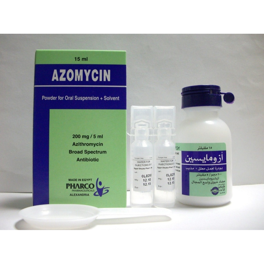 معلق أزوميسين (AZOMYCIN SUSPENSION) هو دواء مضاد حيوي، يحتمل أنه أزيثروميسين، على شكل سائل. يستخدم لعلاج العدوى البكتيرية، خاصة لدى مرضى الأطفال. هذا المنتج هو معلق بتركيز 200 ملجم/5 مل، مزود في زجاجة بحجم 15 مل.
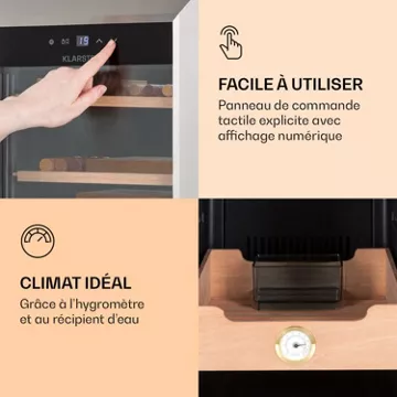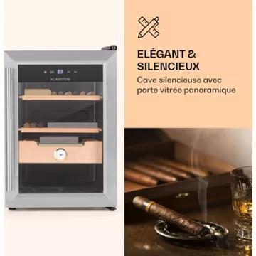 - Élégant et silencieux : cave à cigares silencieuse avec porte vitrée panoramique
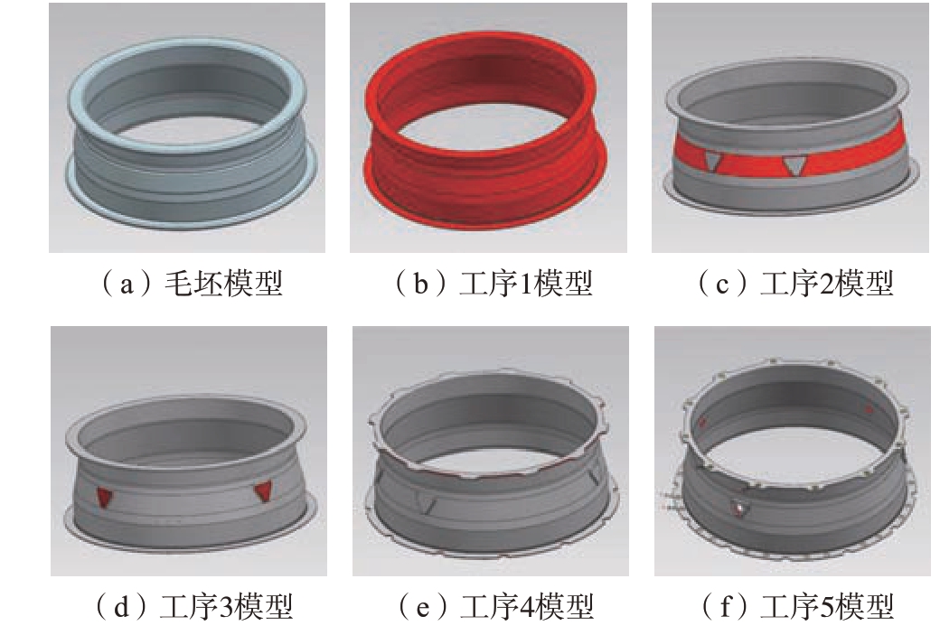 (2)通過(guò)工藝推理獲得特征的加工步驟與余量,然后根據(jù)典型機(jī)匣工藝模板確定機(jī)匣零件工藝路線,自動(dòng)構(gòu)建三維工藝模型,典型機(jī)匣零件加工過(guò)程如圖12 所示。
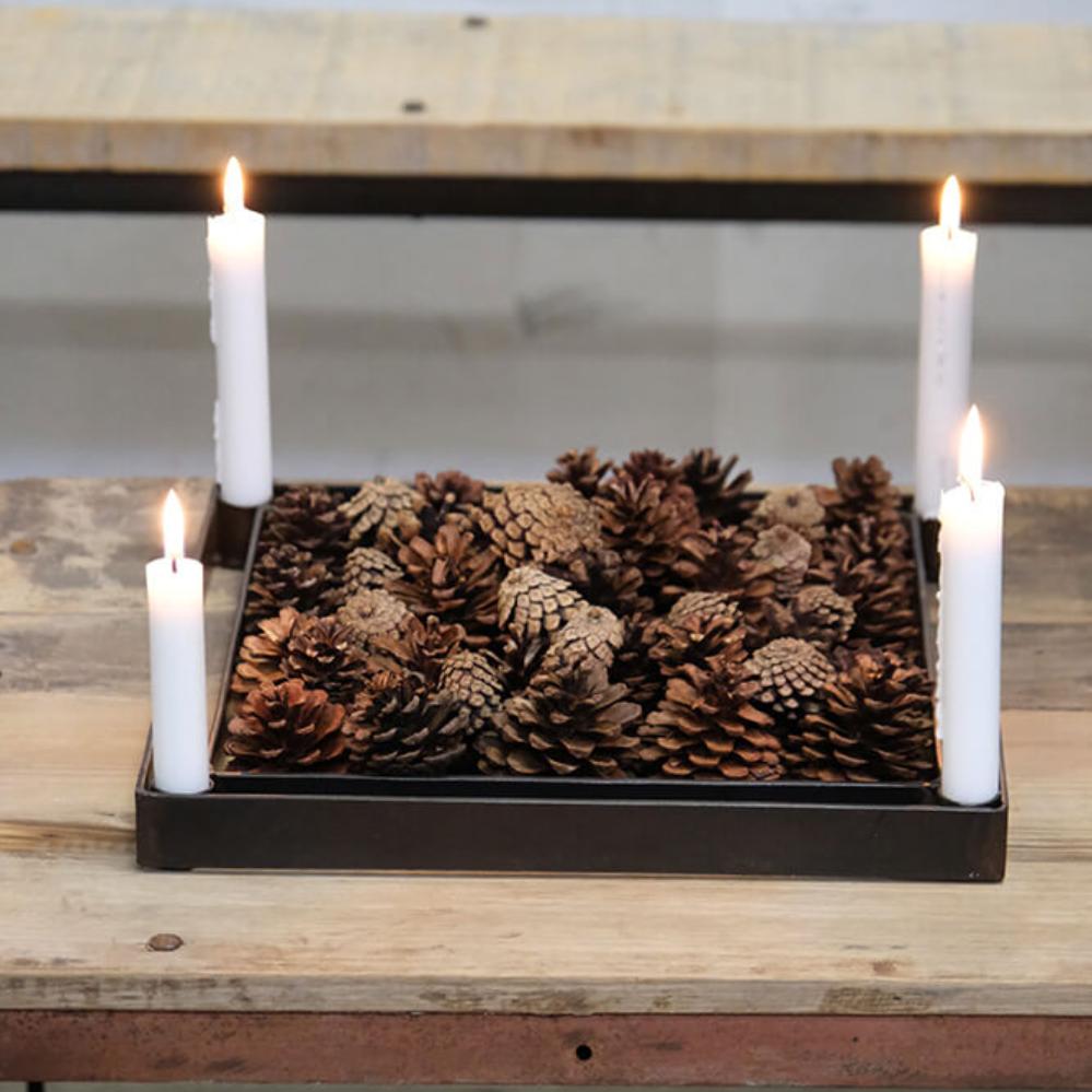 Square Advent candle holder for 4 candles. The Advent candle holder from Trademark Living is made of iron and exudes an industrial and raw look in itself. It can function as a cool Advent candlestick, but can easily be used all year round. If you hang it in the ceiling, you can replace branches and other natural decorations according to the season. If you leave it on the table, you can replace the candles according to the season's trend and possibly add Christmas balls, Easter decorations, summer flowers or create a spooky Halloween decoration. The possibilities are endless.

★ ★ ★ ★ ★ ★ ★

Please write out the lines above exactly, from the one that contains "(2)通過(guò)工藝推理" through the final line, and include none of the pictures.

Response below »
 (2)通過(guò)工藝推理獲得特征的加工步驟與余量,然后根據(jù)典型機(jī)匣工藝模板確定機(jī)匣零件工藝路線,自動(dòng)構(gòu)建三維工藝模型,典型機(jī)匣零件加工過(guò)程如圖12 所示。
 Square Advent candle holder for 4 candles. The Advent candle holder from Trademark Living is made of iron and exudes an industrial and raw look in itself. It can function as a cool Advent candlestick, but can easily be used all year round. If you hang it in the ceiling, you can replace branches and other natural decorations according to the season. If you leave it on the table, you can replace the candles according to the season's trend and possibly add Christmas balls, Easter decorations, summer flowers or create a spooky Halloween decoration. The possibilities are endless.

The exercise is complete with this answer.